Разгоряченный виски и поощряемый вниманием окружающих, этот джентльмен повторял теперь рассказ о своем несчастье. До меня долетали только обрывки: как он «положил ее на правый галс», и как «налетел внезапно норд-норд-вест», и «тут-то она и очутилась н суше». Иногда он обращался к кому-нибудь из матросов: «Так это было, Джек?», а тот отвечал: «Вроде того, капитан Трент». В заключение он вызвал новый прилив народной симпатии, заявив: «Черт бы побрал карты Адмиралтейства, вот что я скажу!» Кивки и одобрительный говор, которыми была встречена эта сентенция, дали мне понять, что капитан Трент является в мнении публики джентльменом и образцовым мореплавателем; и так как к этому времени мой рисунок четырех людей и канарейки был готов, и все (особенно канарейка) вышли очень похожими, то я закрыл альбом и улизнул из салона.

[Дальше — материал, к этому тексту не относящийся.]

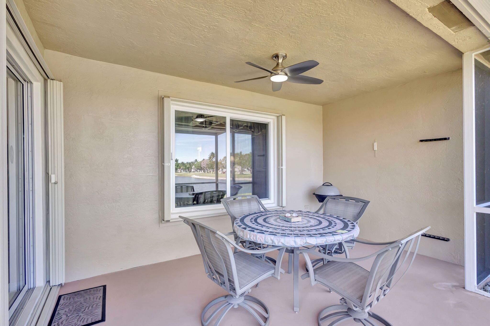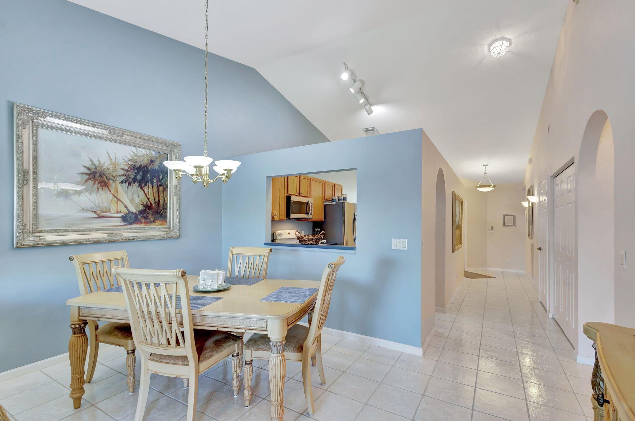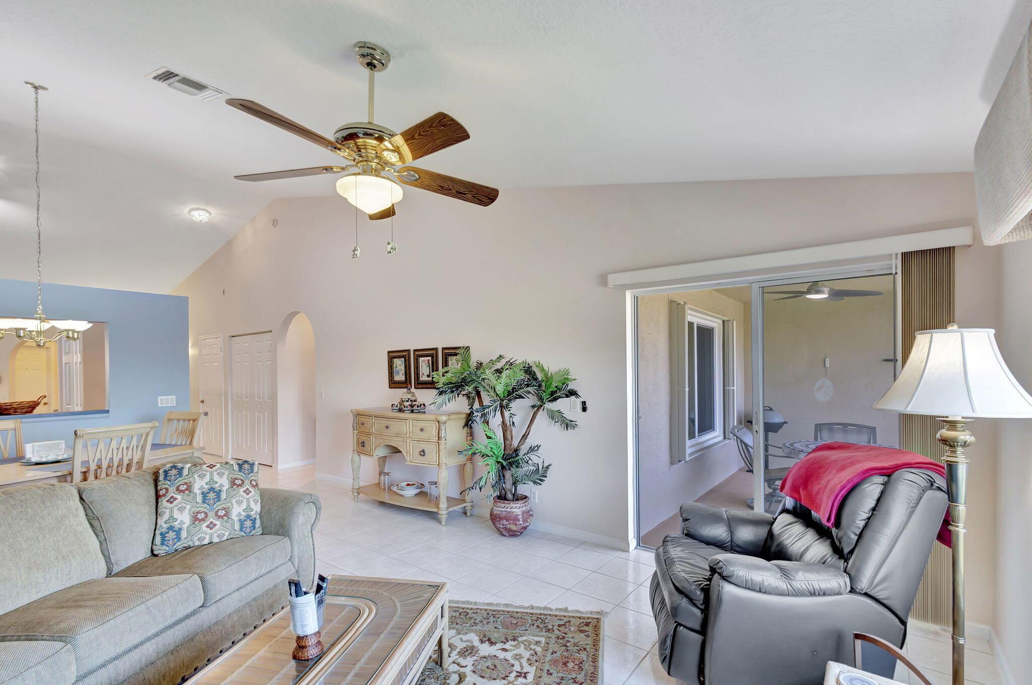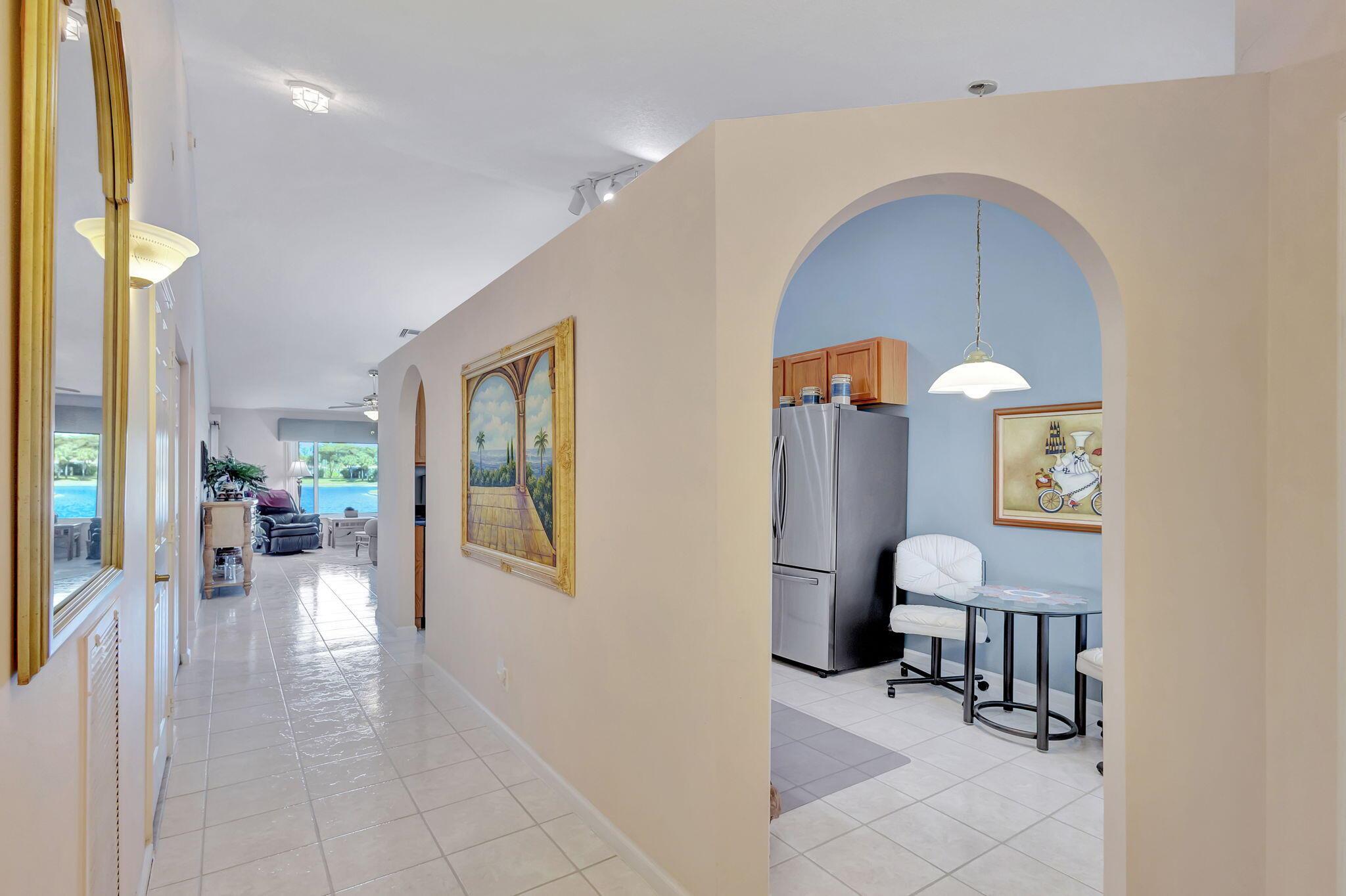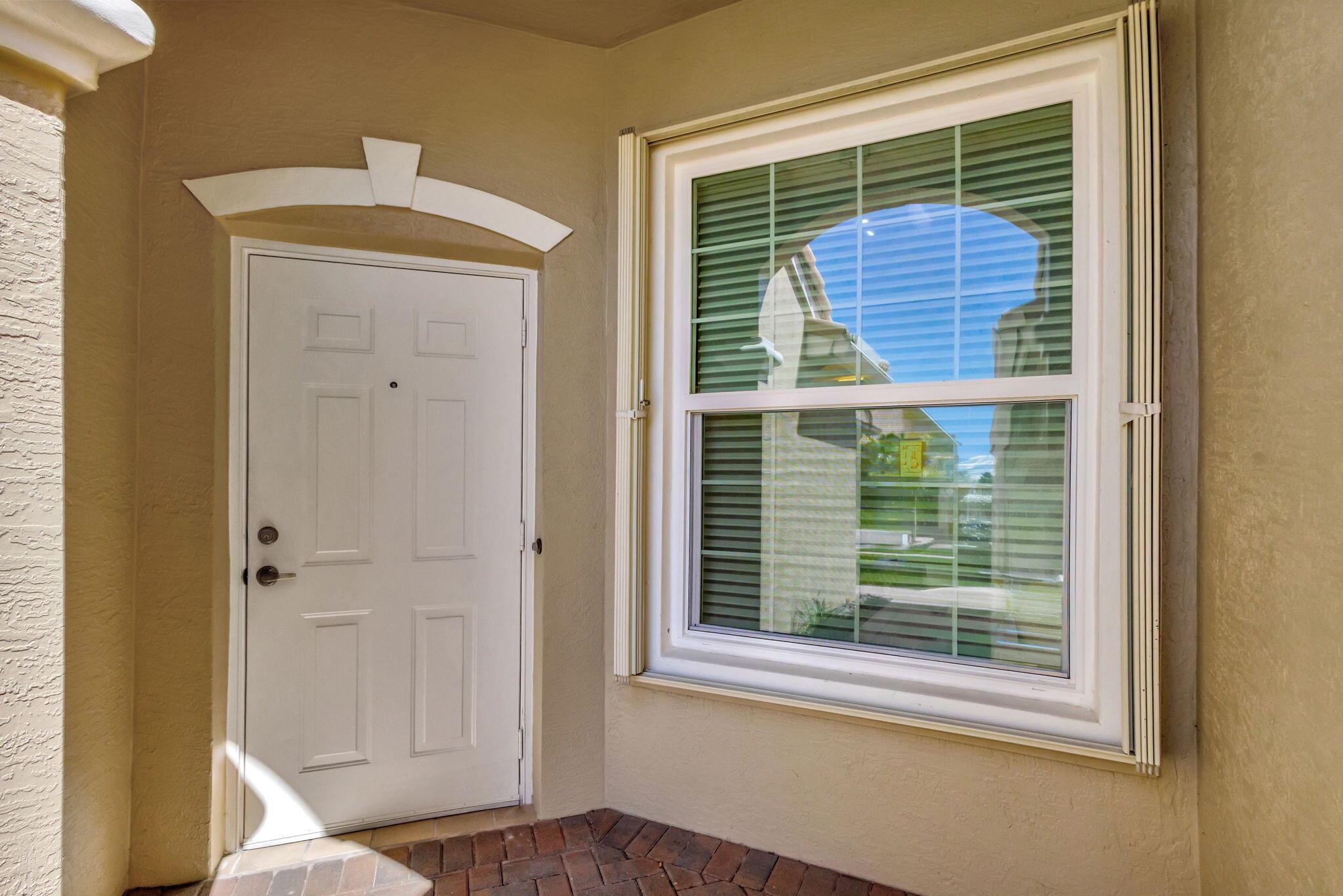 Pristine 2/2/1 villa with wide lake views. Seller is a Snowbird. Offered Furnished. Fully renovated bathrooms, and renovated Kitchen. New appliances. Newer A/C (one year). Rare double driveway in one car garage villas allows 2nd car. Hurricane Impact Windows (except patio slider has accordian storm shutter) Tile floors except carpet in bedrooms. Large covered and screened patio. Premium window treatments. HOA includes monitored security system, 24-7 Staffed gate, CATV, WiFi, Broadband, landscaping,front and back irrigation (lake, not meter), Roof cleaning, exterior painting, resort clubhouse with heated pool and well equipped Fitness Center. Private access road to nearby Publix Shpping Plaza. Easy access to Airporrt, Turnpike, Dwtn WPB, Wellington, mall, cinema, restaurant

Не думал я тогда, что только что пережил акт I, сцену первой драмы моей жизни, а все же сцена, или, вернее, лицо капитана оставалось некоторое время в моей памяти. Я не был пророком, как сейчас заметил, но я был наблюдателем, и я знал одно, что этот человек был испуган.
Капитан британского брига «Летучее Облачко» Трент был речист, был боек, был громогласен, но в его голубых глазах я заметил трепет, а в чертах его лица волнение непрекращавшегося ужаса. Боялся ли он за результаты своего заявления? По моему мнению, более живой страх пробегал по его спине, когда он повернулся выпить. Не был ли он результатом недавнего потрясения? Быть может, капитан еще не вполне оправился от крушения своего брига. Я вспомнил одного из своих друзей, который пережил крушение поезда и целый месяц потом трясся и вздрагивал; и хотя капитан «Летучего Облачка» Трент вовсе не был похож на нервного человека, но я говорил себе с некоторым сомнением, что это подобный же случай.